Problem requirements:
Exact copy, no pictures: return only the lines below from the line with "마대자루는 불에타지 않는 쓰레기, 불연성 물품을 버리는 도구 입니다." up to and including the line with "da minha loja.".

[Saved data entries]
———

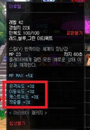머리 모자 아바타 : 지능보다는 캐스트속도 옵션 필요 (빙결사 등 일부를 제외한 모든 마공캐릭터)
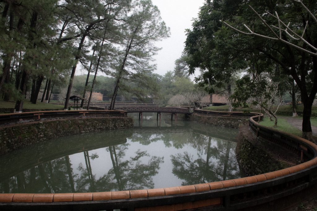 Nous avons par la suite pris la route vers le temple Tu Duc, lieu que nous avons trouvé sublime. En effet, ce site est légèrement plus petit que le précédent, mais son aménagement est mieux élaboré et il est plus agréable de s’y promener. En plus du lieu du tombeau et des temples principaux, on y retrouve un bassin artificiel avec une île artificielle en son centre que l’empereur aimait bien aller visiter et méditer de son vivant. Nous y avons flâné facilement 1 heure ici aussi. Le coût d’entrée de chacun de ces sites revenait à 150 000 VND, somme que nous avons trouvé tout de même dispendieuse. Et ce n’est qu’au 3e site que nous avons aperçu qu’un billet combinant le mausolée de l’empereur Minh Mang, le temple Tu Duc et la cité impériale pour 420 000 VND, soit 60 000 moins cher que si acheté séparément. Un pensez-y bien quand cela équivaut au prix d’un dîner!
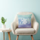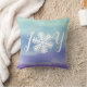 This beautiful pillow features the word joy with a snowflake in place of the letter "o". It has a colourful watercolor background with shades of blue and purple. A wonderful way to express the joy of the season in your home.
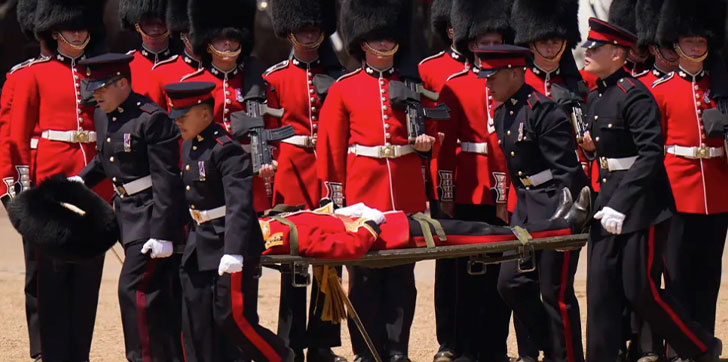 El calor abruma a soldados británicos durante un desfile militar en Londres
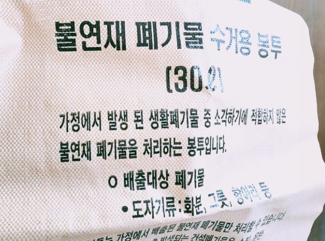 마대자루는 불에타지 않는 쓰레기, 불연성 물품을 버리는 도구 입니다.
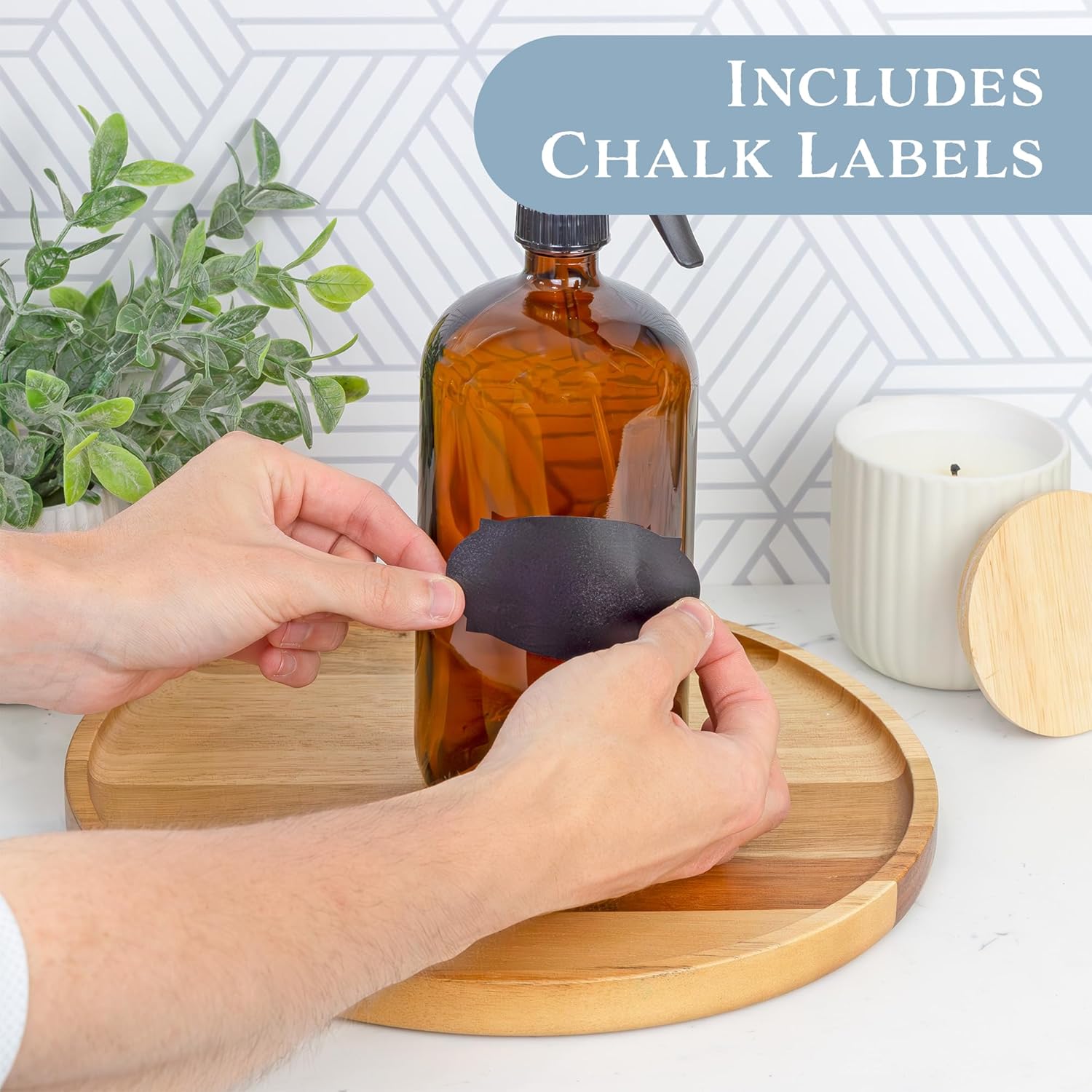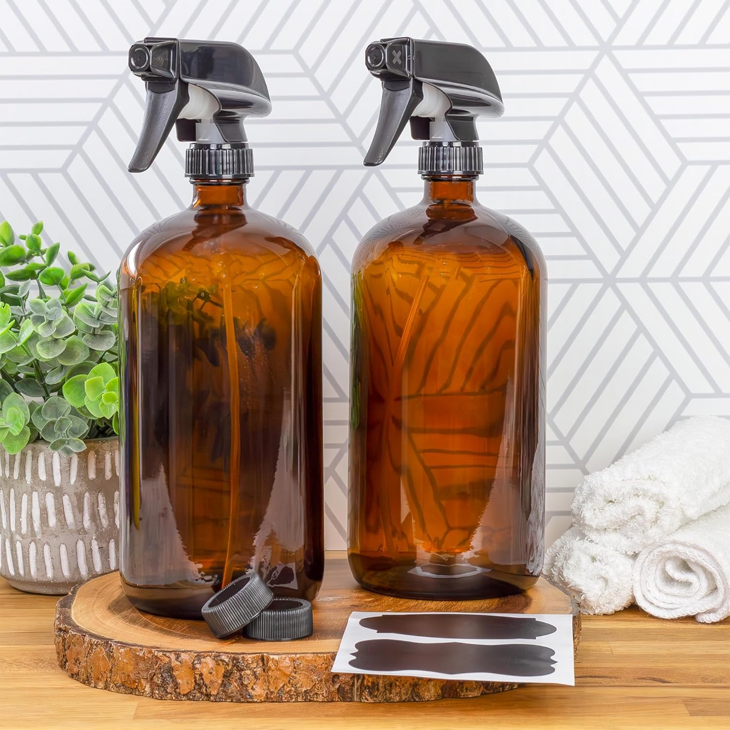- AMBER GLASS BOTTLES: Glass bottles are safest for aromatherapy & essential oils to maintain their purity. Amber color provides protection to contents from ultraviolet light. VALUE 2-PACK: You get two 32-ounce amber glass bottles, 2 trigger sprayers with 3 settings, 2 spare lids for storage & transport
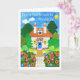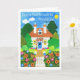 Um cartão "Boa Sorte com Sua Mover" com uma saudação espanhola e uma cabana bonito de uma colagem de papel pintada à mão por Judy Adamson. O dentro é o vazio deixado para a sua própria mensagem e a saudação frontal pode ser alterada contatando-me através da minha loja.
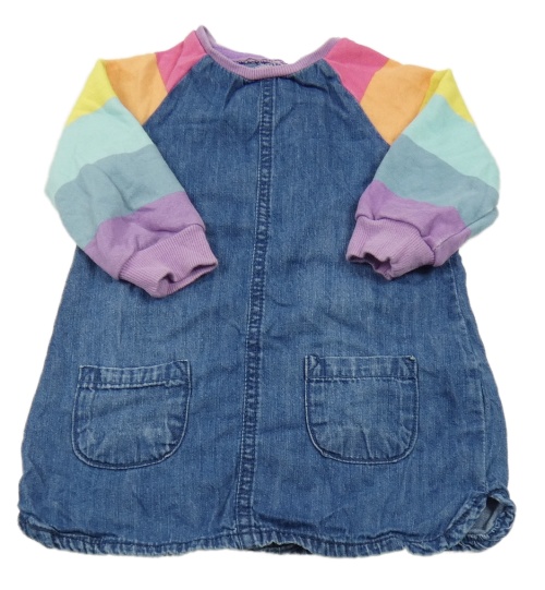 Tmavomodro-barevné riflovo/teplákové šaty pruhovanými rukávy Next
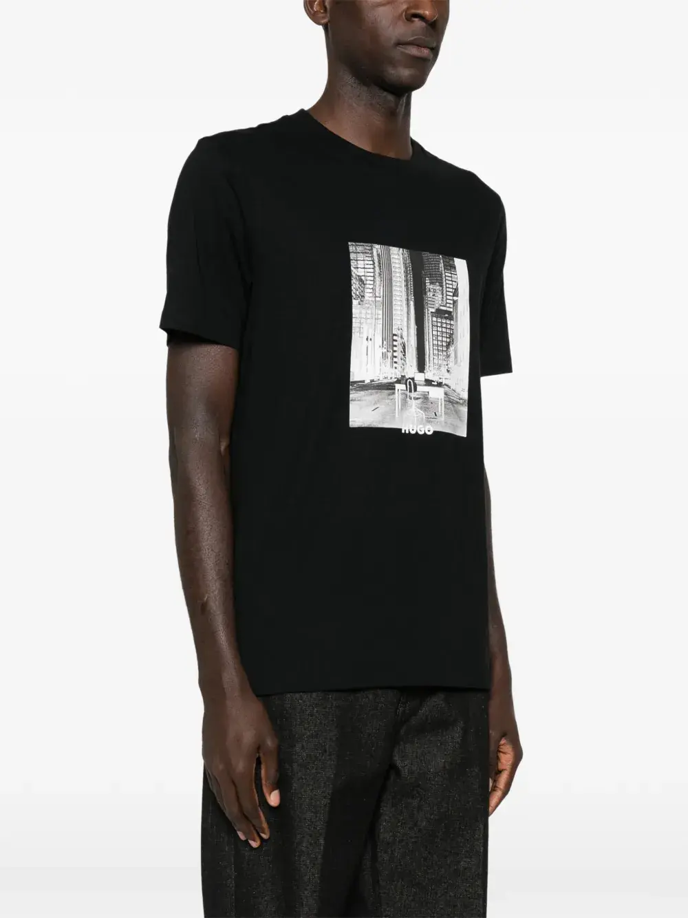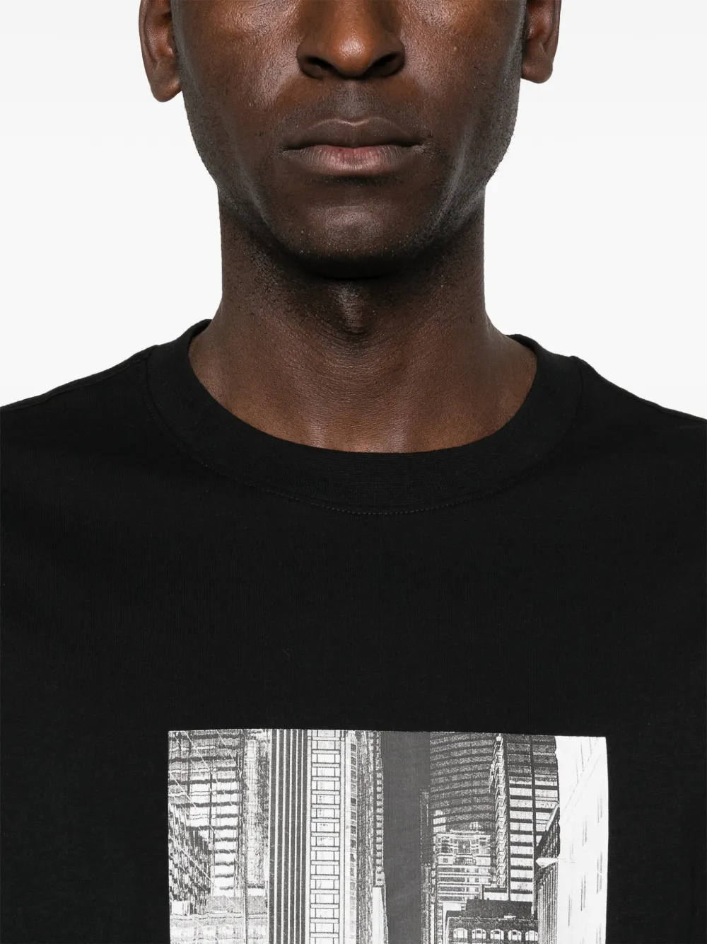 Черная футболка с графическим принтом, круглым вырезом и короткими рукавами
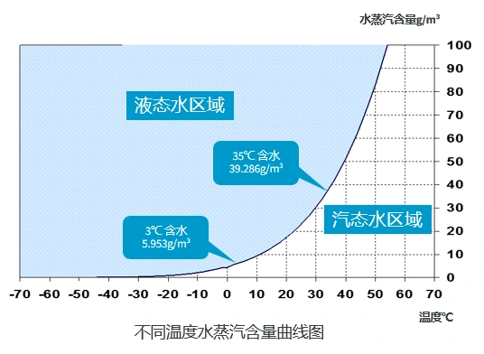 आकृती दाखवते की हवेत वेगवेगळ्या तापमानात पाण्याची वाफ वेगवेगळ्या प्रमाणात असते. हवा थंड होते आणि पाण्याची बाष्प पातळीही खाली जाते. वक्र बिंदू आहेत जे संतृप्त पाण्याची वाफ पातळी चिन्हांकित करतात. या प्रत्येक बिंदूचे तापमान दवबिंदू आहे. कमी दवबिंदू म्हणजे संकुचित हवेत पाण्याची वाफ कमी होते. रेफ्रिजरेटेड एअर ड्रायर्स हा भौतिक नियम वापरतात. ते रेफ्रिजरंटसह कॉम्प्रेस्ड एअर स्वॅप उष्णता देतात. ही क्रिया संकुचित हवेचे तापमान खाली आणते. थंड हवेच्या पाण्याची वाफ द्रव पाण्यात बदलते. हे द्रव प्रणालीतून बाहेर काढून टाकले जाते. उदाहरणार्थ, संकुचित हवेतील संतृप्त पाण्याची बाष्प सामग्री 35℃ वर 39.286 g/m³ आहे. रेफ्रिजरंटसह उष्णतेची देवाणघेवाण केल्यानंतर आणि 3℃ पर्यंत थंड झाल्यावर, संतृप्त पाण्याची वाफ सामग्री 5.953g /m³ असते. 33.333g /m³ चा फरक फ्रीझ ड्रायरद्वारे थंड झाल्यावर आणि निर्जलीकरणानंतर काढलेल्या पाण्याचे प्रमाण दर्शवतो. म्हणजे, संकुचित हवा फ्रीझ ड्रायरमधून गेल्यानंतर, अंदाजे 85% ओलावा काढून टाकला जातो, ज्यामुळे संकुचित हवा कोरडे होणे उत्पादन प्रक्रियेच्या आवश्यकता पूर्ण करते.
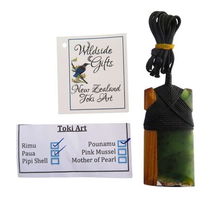 Each Art Toki is a unique design, made in Taranaki New Zealand. This one is made with New Zealand Greenstone, Paua and recycled Rimu in resin and bound with an adjustable waxed chord.
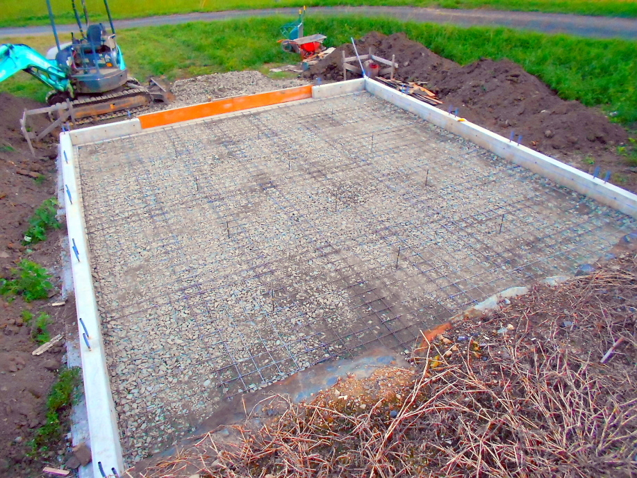 | さすがにこの面積を自分で生コンを練って流し込み、平らに均すのはかなり大変になりそうなので、今回の土間コンクリートは本職の友人に依頼しました。 当初は地面の掘削、砕石入れ、ワイヤーメッシュまでは自分で行う予定でしたが、友人の仕事の日程の関係もあり、全てお願いする事にしました。 ←初日の夕方。 ワイヤーメッシュまで入り、生コンを流せる状態になっています。 さすが本職、早いですね。 |
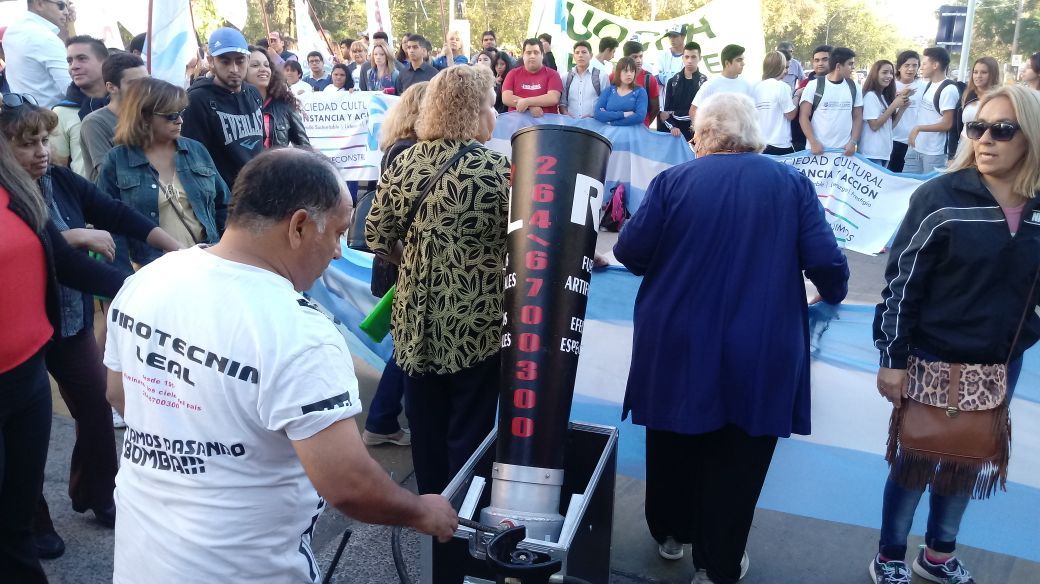 La gente llegó desde distintos departamentos con banderas argentinas, de las organizaciones y hasta una máquina que tira papelitos con el fin de dejar su marca.
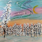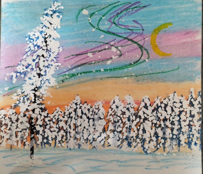 @niigatanohokor2 おはようございます。本日もよく晴れ、出る機会失った 創作パステル画 「ウィンターワールド 夢灯り」 #オイルパステル #ネイチャーヒーリング #絵描きさんと繋がりたい
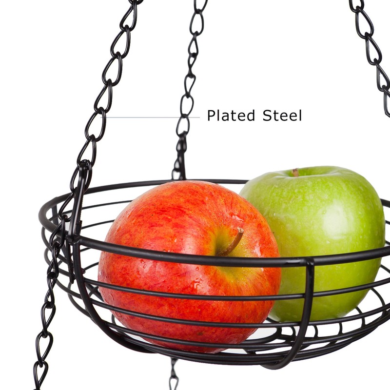 The Home Intuition three tiered hanging basket, sturdy iron wire is ideal for storing fruits, vegetables, food goods, and other kitchen items. The extra storage maximizes kitchen area and prevents counter top clutter.
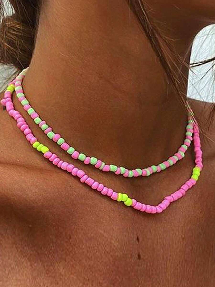 A Set Of 2 Double-Layer Colorful Beaded Women's Linked Necklaces For Decoration, Suitable For Wearing At Vacation Parties
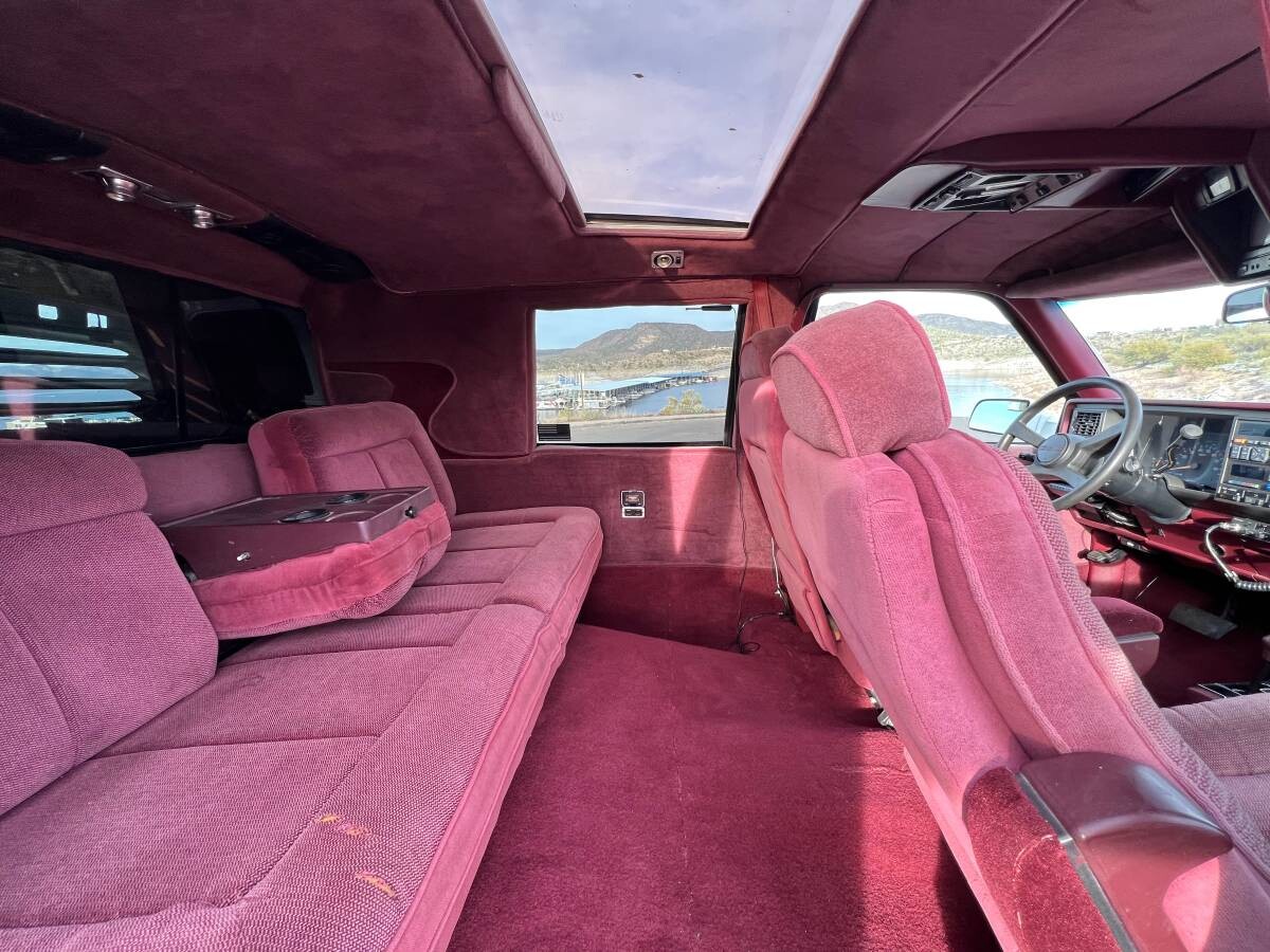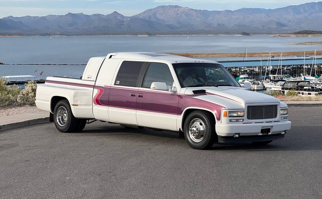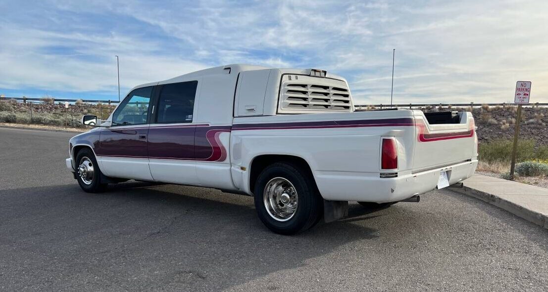 The huge interior has a limo-like backseat with a huge center console and cupholders. There’s a gaping moonroof up above and rear passenger compartment windows on both sides. It appears that there’s a handle on the outside on just the passenger side, which makes sense considering that’s the curb side of the truck. The interior looks surprisingly factory in terms of appearance, with the correct upholstery and carpeting used for a 1980s GM product. The listing confirms the one-off truck was “….built off of a custom frame that started off as a 1980’s Chevy dually to make this longer for the mega cab and body kit.” The body kit, by the way, is a claimed one-of-a-kind fiberglass job.
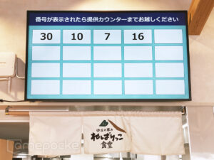 特に休日は多くのお客様で賑わう店内において、混雑の緩和と提供オペレーションの効率化を目的に、提供カウンター上 および 客席に1台ずつ呼び出し番号表示用ディスプレイを各1台ずつ設置しました。
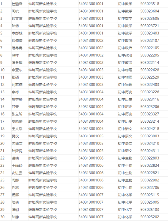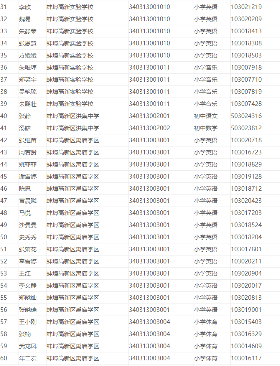 2020年蚌埠教師招聘 安徽蚌埠高新區(qū)中小學(xué)新任教師公開招聘現(xiàn)場(chǎng)資格復(fù)審合格人員名單公告

———

Reply:
 마대자루는 불에타지 않는 쓰레기, 불연성 물품을 버리는 도구 입니다.
- AMBER GLASS BOTTLES: Glass bottles are safest for aromatherapy & essential oils to maintain their purity. Amber color provides protection to contents from ultraviolet light. VALUE 2-PACK: You get two 32-ounce amber glass bottles, 2 trigger sprayers with 3 settings, 2 spare lids for storage & transport
 Um cartão "Boa Sorte com Sua Mover" com uma saudação espanhola e uma cabana bonito de uma colagem de papel pintada à mão por Judy Adamson. O dentro é o vazio deixado para a sua própria mensagem e a saudação frontal pode ser alterada contatando-me através da minha loja.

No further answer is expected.